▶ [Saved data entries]

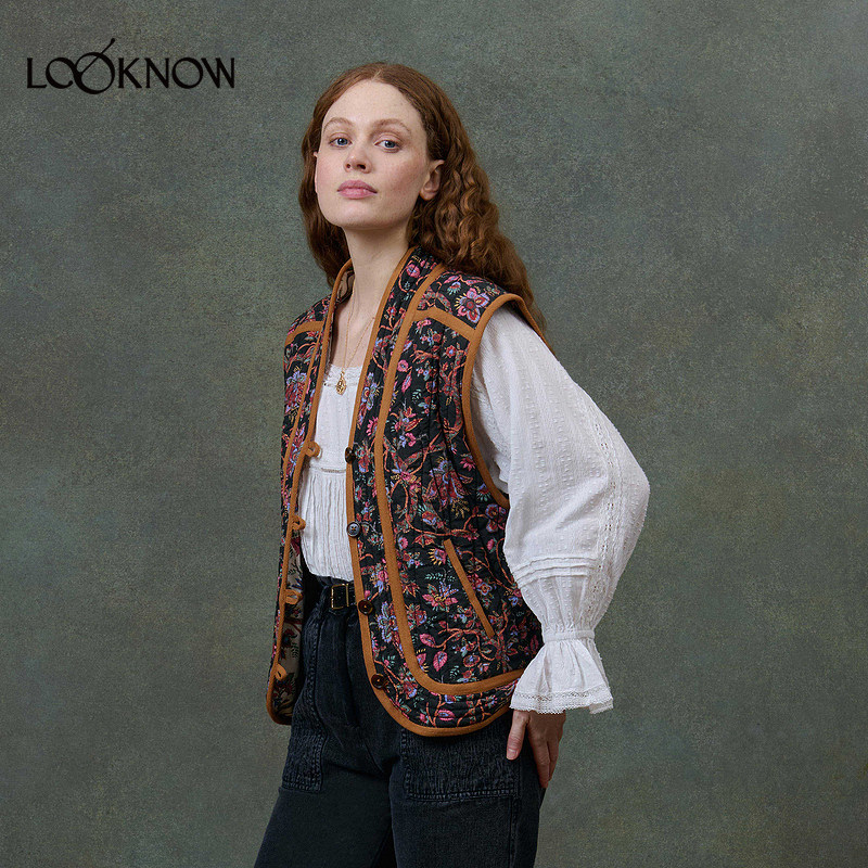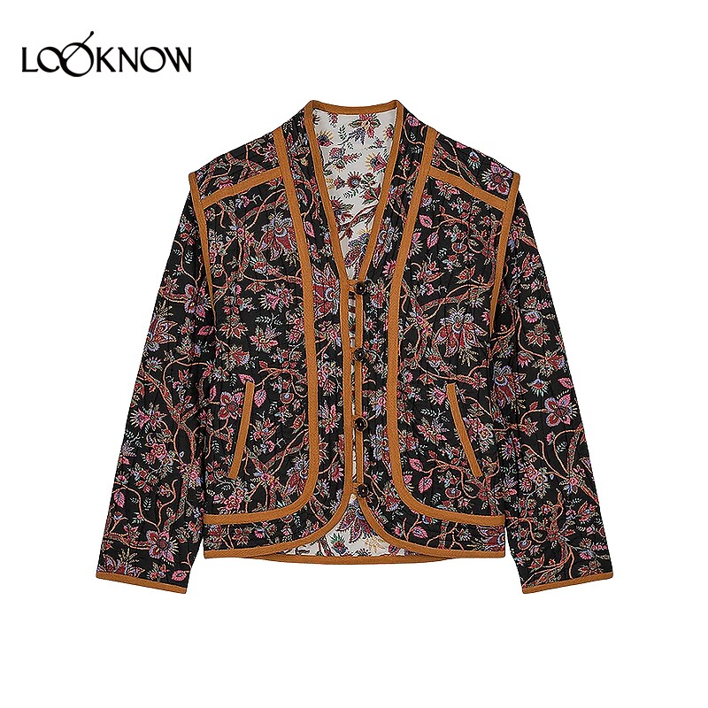 📚 louise misha x LOOKNOW黑色印花V领夹克
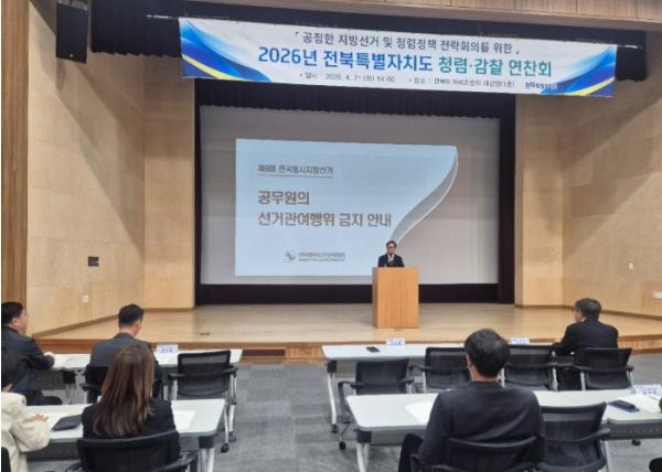 김진철 전북자치도 감사위원장은 “선거를 앞둔 시기일수록 공직자의 정치적 중립과 공정한 직무 수행이 무엇보다 중요하다”며 “도민의 신뢰를 지키기 위해 공직기강 확립에 최선을 다하겠다”고 밝혔다.
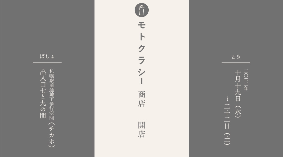 今年の7月に初めて「モトクラシー商店」をオープン。お客さん来てくれるかなと不安でしたが、たくさんの方にご来店いただきまして、本当にありがとうございました!第2回目はあるのかしら…?と思っていましたが、この度、kurache(クラシェ)様からお誘いいただき、またまた札幌駅前地下歩行空間に出店いたします。今回のクラシェさんのテーマは「秋まんぷく」。私たちが思う、まんぷくアイテムをたくさん持って参上しますよ。皆さまのお越しを心よりお待ちしております。
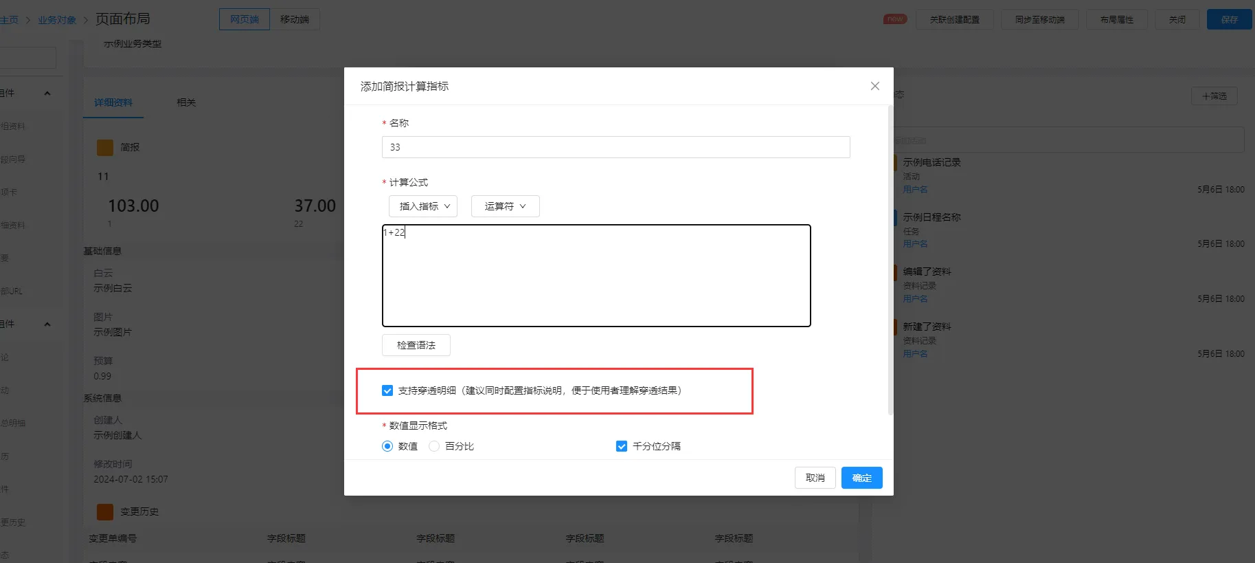 詳情頁簡報中的計算字段勾選支持穿透明細,前臺使用時可以穿透查看所有相關(guān)指標(biāo)對應(yīng)的列表頁數(shù)據(jù)
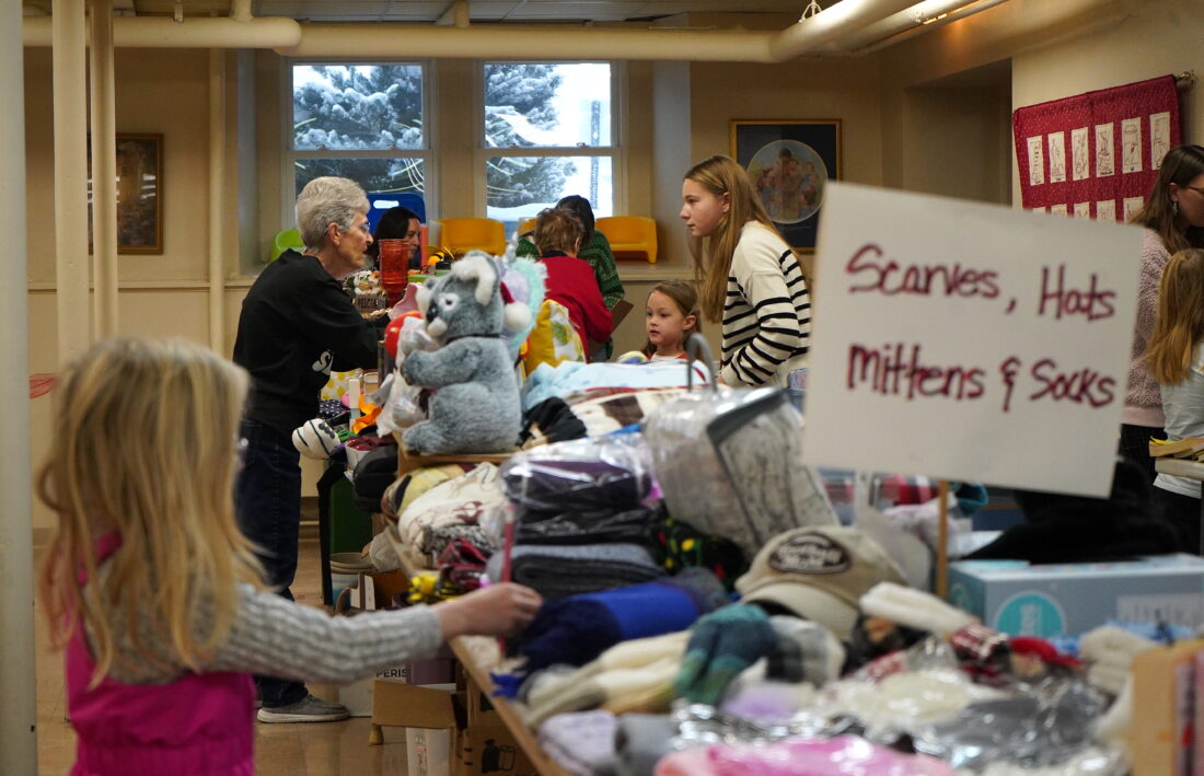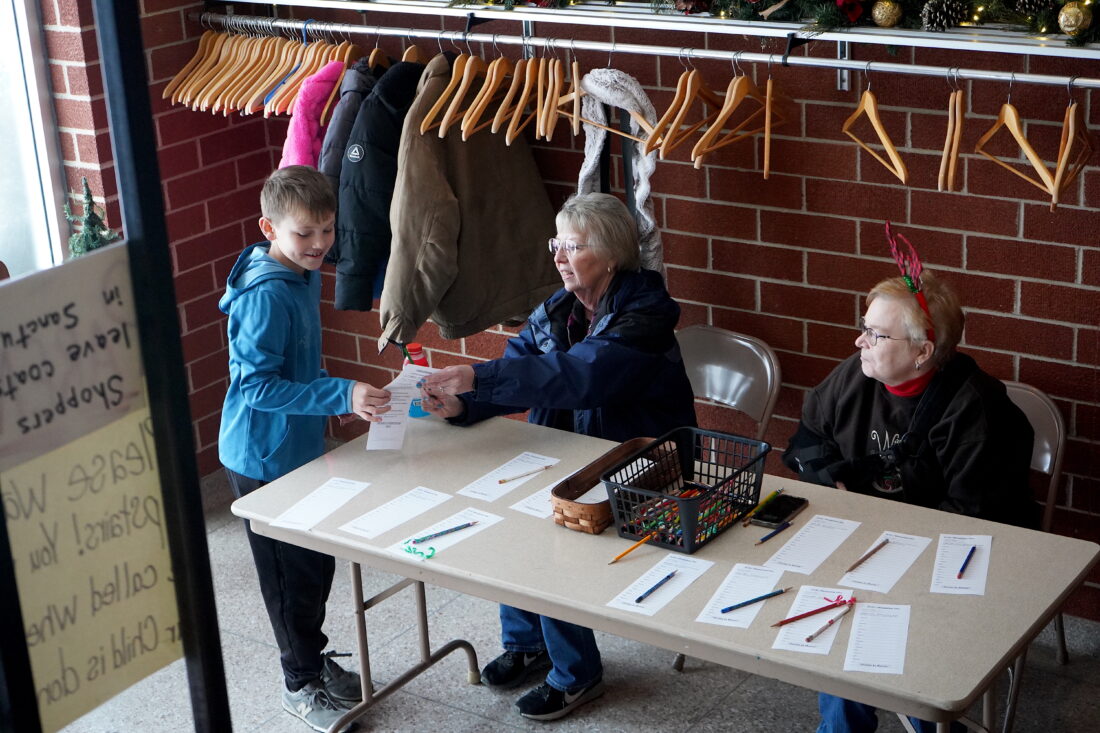 Last Saturday, Dec. 13, as snow piled up on the sidewalk outside Peace Church’s south entrance, children were lined up down the street well ahead of Kids Shopping Day’s 9 a.m. start which kicked off with Paustian unlocking the church’s double doors. Once inside, attendees were greeted at the check-in table by volunteers Sherri Denbow and Becky Fevold who handed out gift lists and pencils.
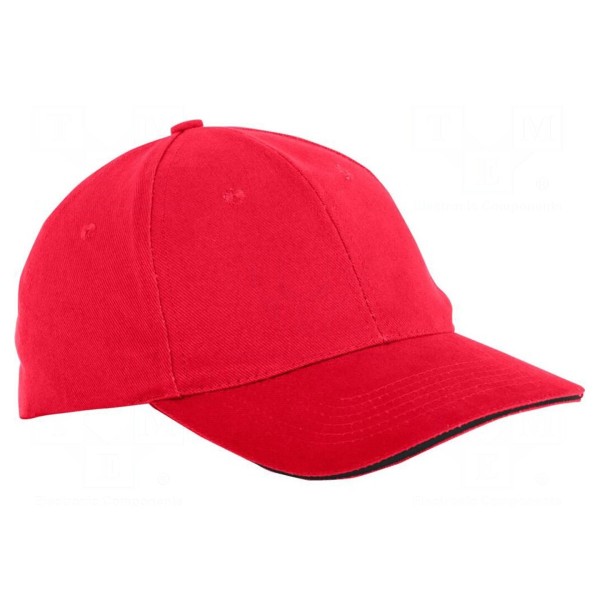 Czapka z daszkiem została wykonana z bawełny o gramaturze 290g/m². Produkt występuje w czerwonym kolorze i posiada zakres regulacji rozmiaru 57-61.
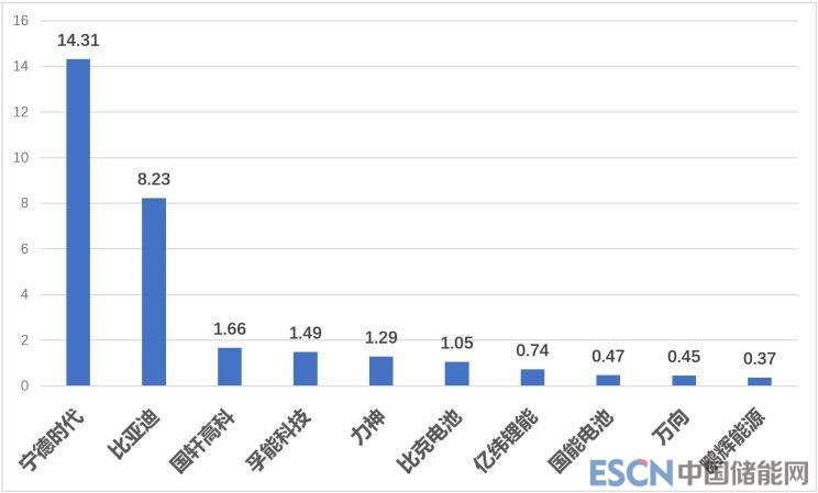 『中國動力電池企業(yè)裝機量(1-10月數(shù)據(jù)/單位:GWh)』
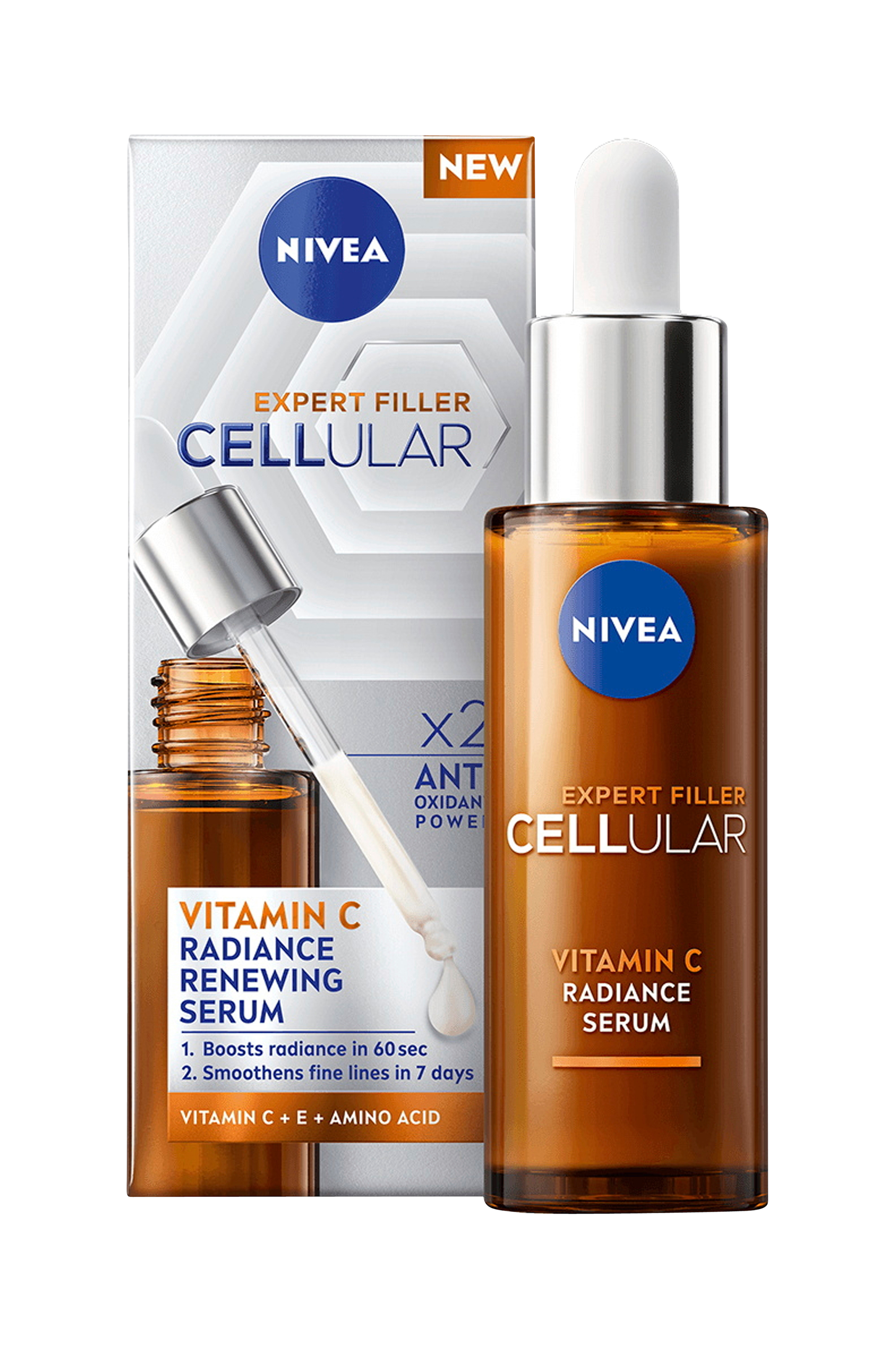 Nivea Cellular Expert Filler Vitamin C Radiance Serum er et avanceret serum til forbedret udstråling, der varer ved. Med sin lette og ikke-fedtende formel giver dette ansigtsserum en øjeblikkelig frisk og glat hudfornemmelse. Den indeholder C- og E-vitamin, som giver 2x antioxidant effekt, beskytter mod frie radikaler og eksterne stressfaktorer (f.eks. forurening og solskader) og hjælper med at korrigere og forebygge tidlige tegn på aldring. Den tredje aktive ingrediens er en aminosyre, som er en naturlig fugtgiver, der altid efterlader huden velhydreret og blød. Dette produkt udglatter fine linjer på 7 dage (selvvurdering, 32 kvinder, 2021).
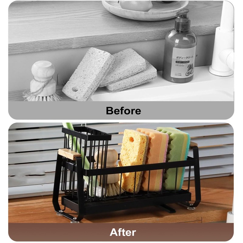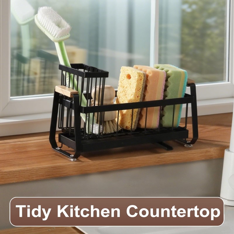 - Built-in Removable Long Basket for Classified Storage: Our kitchen countertop sponge rack has a built-in long basket storage basket, which can easily classify and store small items with long handles such as brushes, making the kitchen countertop neat and orderly, no longer need to worry about messy countertops, making your life clean and comfortable.
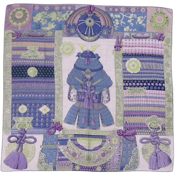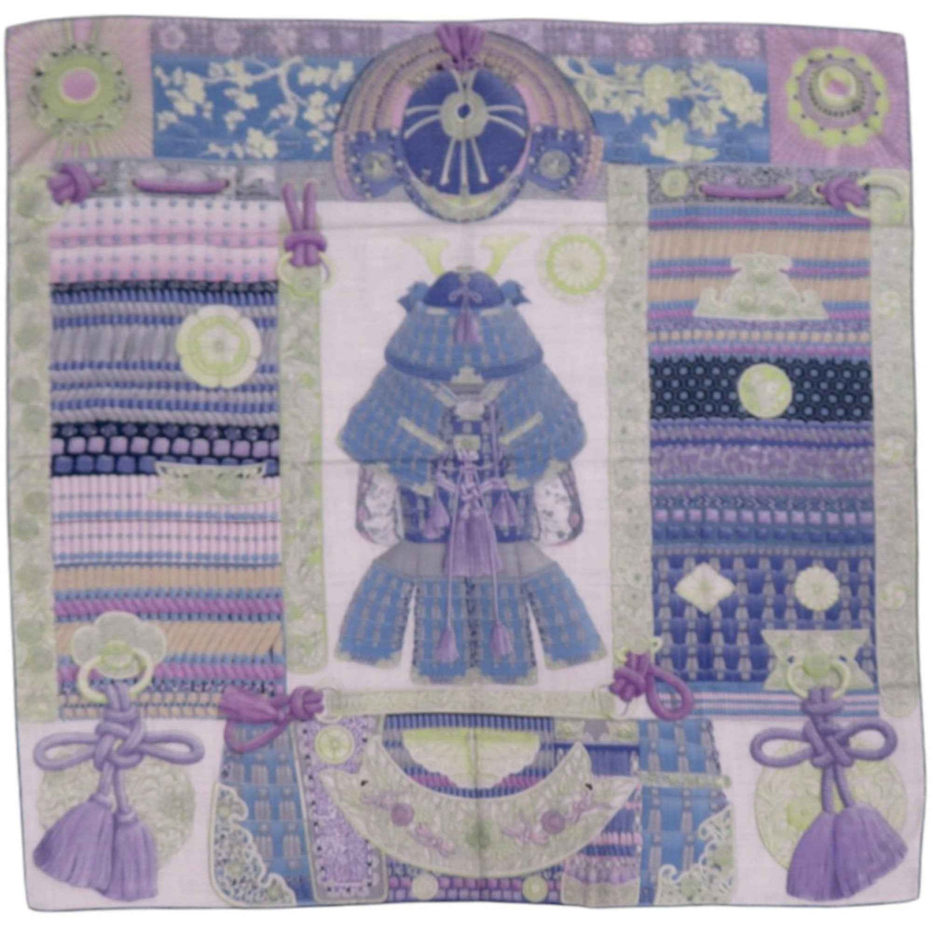 Hermes Hermès Carré 140 Samurai Armor, Parures de Samourais, Cashmere and Silk, Blue Stole, 0480

▶ [WORK ITEM]
Reprint each of the records exactly and skip the images.

▶ [OUTPUT OF THE EXERCISE]
 📚 louise misha x LOOKNOW黑色印花V领夹克
 김진철 전북자치도 감사위원장은 “선거를 앞둔 시기일수록 공직자의 정치적 중립과 공정한 직무 수행이 무엇보다 중요하다”며 “도민의 신뢰를 지키기 위해 공직기강 확립에 최선을 다하겠다”고 밝혔다.
 今年の7月に初めて「モトクラシー商店」をオープン。お客さん来てくれるかなと不安でしたが、たくさんの方にご来店いただきまして、本当にありがとうございました!第2回目はあるのかしら…?と思っていましたが、この度、kurache(クラシェ)様からお誘いいただき、またまた札幌駅前地下歩行空間に出店いたします。今回のクラシェさんのテーマは「秋まんぷく」。私たちが思う、まんぷくアイテムをたくさん持って参上しますよ。皆さまのお越しを心よりお待ちしております。
 詳情頁簡報中的計算字段勾選支持穿透明細,前臺使用時可以穿透查看所有相關(guān)指標(biāo)對應(yīng)的列表頁數(shù)據(jù)
 Last Saturday, Dec. 13, as snow piled up on the sidewalk outside Peace Church’s south entrance, children were lined up down the street well ahead of Kids Shopping Day’s 9 a.m. start which kicked off with Paustian unlocking the church’s double doors. Once inside, attendees were greeted at the check-in table by volunteers Sherri Denbow and Becky Fevold who handed out gift lists and pencils.
 Czapka z daszkiem została wykonana z bawełny o gramaturze 290g/m². Produkt występuje w czerwonym kolorze i posiada zakres regulacji rozmiaru 57-61.
 『中國動力電池企業(yè)裝機量(1-10月數(shù)據(jù)/單位:GWh)』
 Nivea Cellular Expert Filler Vitamin C Radiance Serum er et avanceret serum til forbedret udstråling, der varer ved. Med sin lette og ikke-fedtende formel giver dette ansigtsserum en øjeblikkelig frisk og glat hudfornemmelse. Den indeholder C- og E-vitamin, som giver 2x antioxidant effekt, beskytter mod frie radikaler og eksterne stressfaktorer (f.eks. forurening og solskader) og hjælper med at korrigere og forebygge tidlige tegn på aldring. Den tredje aktive ingrediens er en aminosyre, som er en naturlig fugtgiver, der altid efterlader huden velhydreret og blød. Dette produkt udglatter fine linjer på 7 dage (selvvurdering, 32 kvinder, 2021).
 - Built-in Removable Long Basket for Classified Storage: Our kitchen countertop sponge rack has a built-in long basket storage basket, which can easily classify and store small items with long handles such as brushes, making the kitchen countertop neat and orderly, no longer need to worry about messy countertops, making your life clean and comfortable.
 Hermes Hermès Carré 140 Samurai Armor, Parures de Samourais, Cashmere and Silk, Blue Stole, 0480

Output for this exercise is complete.